The effective mass, stiffness, and damping are obtained by fitting the experimental data in the inverse Nyquist plane. The effective mass, stiffness, and damping are convertible to global modal mass, stiffness, and damping through normal mode corrections. Then a physical space mathematical model may be assembled from the modal properties for complete and truncated modal vector system descriptions. Therefore, this method will deal with the general case where the number of degree-of-freedom exceeds the number of identified modes.
After a mathematical model is developed, different ways of modifying the structure analytically are investigated. This modified model is used to predict the new dynamic characteristics of the modified structure due to changes in its mass, stiffness, or damping properties. There are three ways that modifications can be made. They are: l) modifications made in the physical coordinates model; 2) modifications made in both the physical and modal coordinates models; and 3) modifications made in the modal coordinates model. The last way is found to be the most efficient way; therefore, model modifications should be done totally in modal spaces, modal space I and II. The derivation of mass, stiffness, and damping modification matrices for general structure is also presented.
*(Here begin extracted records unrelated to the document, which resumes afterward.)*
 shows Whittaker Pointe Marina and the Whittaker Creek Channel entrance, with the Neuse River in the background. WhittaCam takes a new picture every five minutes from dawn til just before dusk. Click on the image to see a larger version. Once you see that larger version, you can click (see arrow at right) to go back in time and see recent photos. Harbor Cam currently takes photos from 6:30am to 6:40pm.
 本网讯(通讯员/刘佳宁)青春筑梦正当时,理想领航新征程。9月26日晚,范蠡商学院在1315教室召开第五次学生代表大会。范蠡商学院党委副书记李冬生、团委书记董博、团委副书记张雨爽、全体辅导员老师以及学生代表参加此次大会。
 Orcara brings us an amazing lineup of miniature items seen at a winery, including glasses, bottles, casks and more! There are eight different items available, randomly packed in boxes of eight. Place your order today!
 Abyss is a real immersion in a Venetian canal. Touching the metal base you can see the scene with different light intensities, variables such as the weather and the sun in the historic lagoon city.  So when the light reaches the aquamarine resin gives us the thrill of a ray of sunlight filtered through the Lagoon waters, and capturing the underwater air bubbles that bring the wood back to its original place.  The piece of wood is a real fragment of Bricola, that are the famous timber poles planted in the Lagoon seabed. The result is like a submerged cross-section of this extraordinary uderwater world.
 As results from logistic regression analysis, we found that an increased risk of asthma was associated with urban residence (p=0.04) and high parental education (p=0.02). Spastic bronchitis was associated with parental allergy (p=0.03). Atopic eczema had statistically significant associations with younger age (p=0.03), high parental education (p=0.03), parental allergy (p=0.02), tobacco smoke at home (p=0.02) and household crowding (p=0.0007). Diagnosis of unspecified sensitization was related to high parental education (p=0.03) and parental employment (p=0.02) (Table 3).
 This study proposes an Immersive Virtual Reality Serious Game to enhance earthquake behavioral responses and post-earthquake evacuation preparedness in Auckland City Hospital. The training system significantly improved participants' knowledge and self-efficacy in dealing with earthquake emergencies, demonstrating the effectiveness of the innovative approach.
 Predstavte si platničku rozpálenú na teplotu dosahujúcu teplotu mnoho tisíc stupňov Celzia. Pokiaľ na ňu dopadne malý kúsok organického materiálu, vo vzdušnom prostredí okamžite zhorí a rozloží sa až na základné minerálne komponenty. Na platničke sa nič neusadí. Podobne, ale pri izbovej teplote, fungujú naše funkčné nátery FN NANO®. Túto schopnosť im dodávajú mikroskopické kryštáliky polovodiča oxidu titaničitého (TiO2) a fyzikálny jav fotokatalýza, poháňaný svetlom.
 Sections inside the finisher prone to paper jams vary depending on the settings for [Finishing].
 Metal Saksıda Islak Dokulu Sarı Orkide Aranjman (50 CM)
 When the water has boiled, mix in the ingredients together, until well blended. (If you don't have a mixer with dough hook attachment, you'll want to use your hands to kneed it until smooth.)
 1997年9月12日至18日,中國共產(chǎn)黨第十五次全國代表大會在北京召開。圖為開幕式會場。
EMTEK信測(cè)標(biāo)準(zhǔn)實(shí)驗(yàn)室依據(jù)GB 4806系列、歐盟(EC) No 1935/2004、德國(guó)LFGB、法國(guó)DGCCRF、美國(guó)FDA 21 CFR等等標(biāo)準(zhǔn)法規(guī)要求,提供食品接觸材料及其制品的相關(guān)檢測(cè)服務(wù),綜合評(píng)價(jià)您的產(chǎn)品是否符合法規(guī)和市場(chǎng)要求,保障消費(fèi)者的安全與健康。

The resonance specification and frequency response function synthesis are two useful techniques that aid in system modification and are, therefore, included. A resonant peak can be shifted to another frequency by making certain modifications to the structure, thus avoiding undesired vibration. The resonance specification will determine the amount of physical change needed. It is not practical to store all the frequency response function measurements of a structure during testing. Therefore, a frequency response function synthesis is needed, such that any one can be synthesized from the model developed.
A theoretical three degree-of-freedom system and two experimental systems--a square plate and a C-clamp--were used to verify the techniques developed. / Ph. D.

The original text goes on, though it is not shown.